The clients had also signed power of attorney forms with gift-giving authority, which we had prepared for them, so that should they lose their mental or physical capacity at some point in the future, their heirs can continue to make gifts of their assets, in an estate tax leveraged way, so that further potential federal and state estate tax savings can be realized over time.
Not all estate issues are dollars and cents. A case in point: When a long-time client’s husband passed away in 2011, she became concerned about the care and welfare of her beloved 13-year old Maltese dog if should something happen to her.
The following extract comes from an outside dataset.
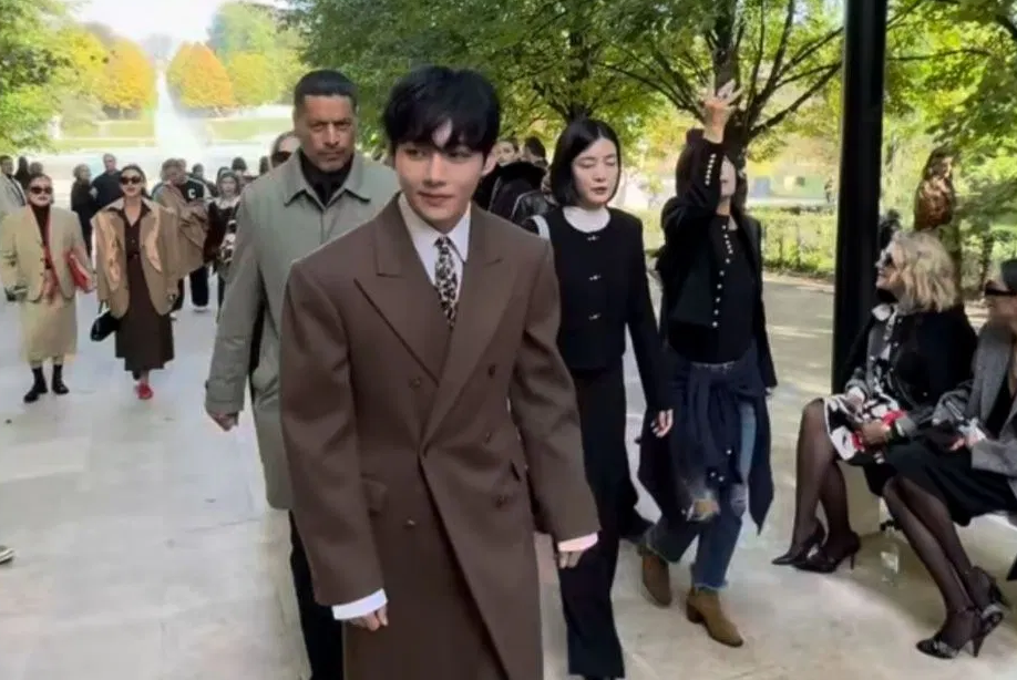 Taehyung arrived looking every inch the Parisian dream in a knee-length brown coat from Michael Rider’s debut collection, paired with matching trousers and that effortlessly magnetic aura only he can pull off. The cameras clicked, the crowd screamed, and then came the moment. Sitting beside Hollywood legend Uma Thurman, Taehyung noticed a strand of her hair out of place—and gently fixed it. That’s it. That’s the tweet. One smooth, respectful motion and suddenly “A Real Gentleman” was trending worldwide.

We prepared a will that named the individual and alternate individuals she would like her dog to live with should she pass on. She also wanted to ensure that the dog’s new owner would not be out-of-pocket for any amounts that they had paid in caring from her dog. Accordingly, her will contained a special trust provision that provided a relatively modest, but entirely sufficient, fund to provide for the care of the dog during the remainder of its lifetime, and with any amounts left in the trust on the death of the dog, to go to the client’s stepchildren. Several years later, the client came back to us and indicated that sadly, her beloved Maltese had died, but that she had quickly acquired a new Maltese. She was concerned that her will would need to be updated to reflect this change. We assured her that her will did not have to be changed to include the name of her new dog, because the will provision that we had prepared for her, although mentioning her prior dog by name and age, had also provided the same benefits for any “replacement dog or dogs that I (she) may subsequently come to own.”